Los agentes de la Policía de barrio estuvieron por el Antiguo y por La Corredoria en horario de mañana y tarde, entre quince y veinte efectivos por turno y siempre acompañados por mandos o por agentes veteranos del cuerpo municipal. “Para empezar no pueden ir armados y nosotros estamos aquí para protegerlos en caso de que pase cualquier cosa. Además, también los vamos ayudando a la hora de proceder, les explicamos trucos desde la experiencia... Nadie nació aprendido y para eso estamos”, señala Roberto Riesgo, que en su momento ya formó parte de “otro intento que hubo” para poner en marcha la Policía de proximidad. “Fue hace unos 14 años y la verdad es que mientras duró la gente estaba muy contenta. La cercanía con los ciudadanos siempre es buena”, añade.

A la gijonesa Débora Torreira y al ovetense Iván Gonzalo les tocó estrenarse patrullando juntos por el Antiguo. A lo largo de la mañana, además de guiar a varios turistas hacia la Plaza de la catedral, también tuvieron tiempo para acercarse a vecinos y comerciantes de la zona para hacer los primeros contactos. “El espíritu de este servicio es la cercanía. Los vecinos tienen que poder acercarse a nosotros para que les ayudemos en todos lo posible y por eso procuraremos darles todas las facilidades”, explica Débora Torreira. “Nuestro trabajo es hacer que la gente se sienta segura y estando cerca es más fácil”, sostiene su compañero. Ramón Llaneza, un vecinos que vive en la zona del Antiguo, tiene muy claro que el nuevo servicio la hace sentirse más seguro. “Con chavales como rocas patrullando los barrios no tenemos miedo”, afirma. Ana Bermejo, una comerciante del casco viejo, también es de la misma opinión. “Siempre está bien que la Policía esté por la calle. Así estaremos más seguros”, mantiene.

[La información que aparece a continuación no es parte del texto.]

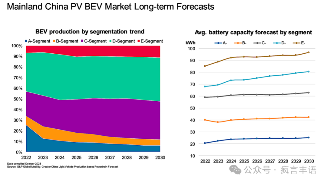 (到2030年,纯电动车型中,C/D/E尺寸级别的车型将会成为主要的销售车型。一方面是功能性+价格提升,另一方面是汽车品牌品牌溢价提升+消费市场的更新换代和成熟化演变;电池性能的逐步提升、电池续航里程的提升也会逐渐增加。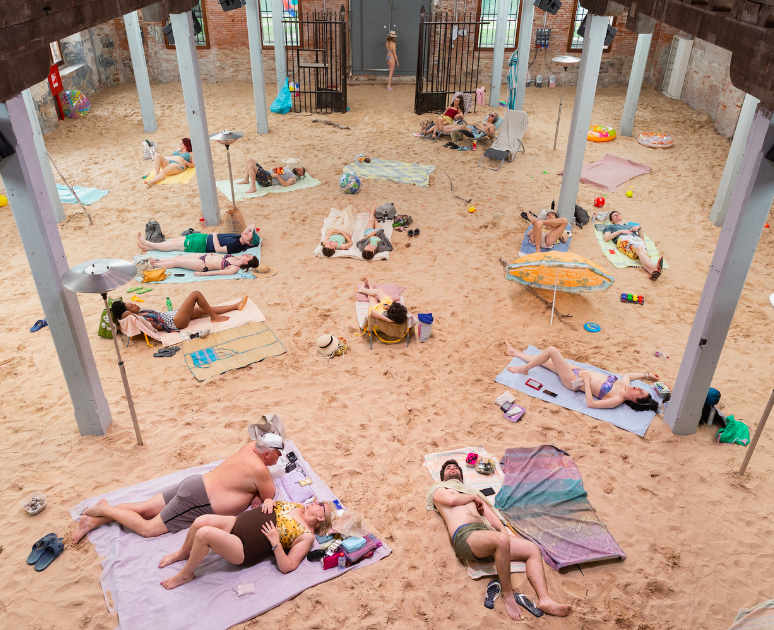 Lietuvai atstovaujantis projektas, nors ir kuria pozityvią nuotaiką, vis dėlto kviečia mąstyti apie labai rimtas temas: klimato kaitą, visuotinį nuovargį, globalinį atšilimą, kūniškumą, ekologiją, vartotojiškumą. Menininkių darbas stebina ir specifiniu eksponavimu: ant 35 tonų smėlio įsikūrusius dainuojančius vasarotojus žiūrovai stebės iš viršaus. Tokiai kūrinio scenografijai reikalingą erdvę paviljono organizatoriai surado istoriniame Venecijos arsenale, kur anksčiau veikė laivų statykla.

A otros agentes en prácticas, como por ejemplo a Pablo Bautista y a Ceferino Fernández, les tocó desplazarse a La Corredoria. Alguno de sus compañeros, que prefieren no hacer público su nombre, les tocó incluso intervenir en un pequeño accidente de tráfico en el que se vieron implicados dos vehículos. “Nos sirvió para practicar lo que hay que hacer en estos casos, tanto a nivel de papeleo como a la hora de tratar con los implicados”, afirma otros de los agentes. “También hubo que sancionar al dueño de un perro peligroso que iba sin atar y sin bozal”, dice el mismo policía mientras lo escuchan otros compañeros.

Los agentes también visitaron algunos locales hosteleros, como el de Rubén Meneses, y hablaron con los vecinos sobre los problemas del barrio. “La verdad es que yo estoy bastante más tranquila sabiendo que hay patrullas cerca de mi casa”, dice Mercedes Lago, una mujer que vive muy cerca de la Plaza del Conceyín.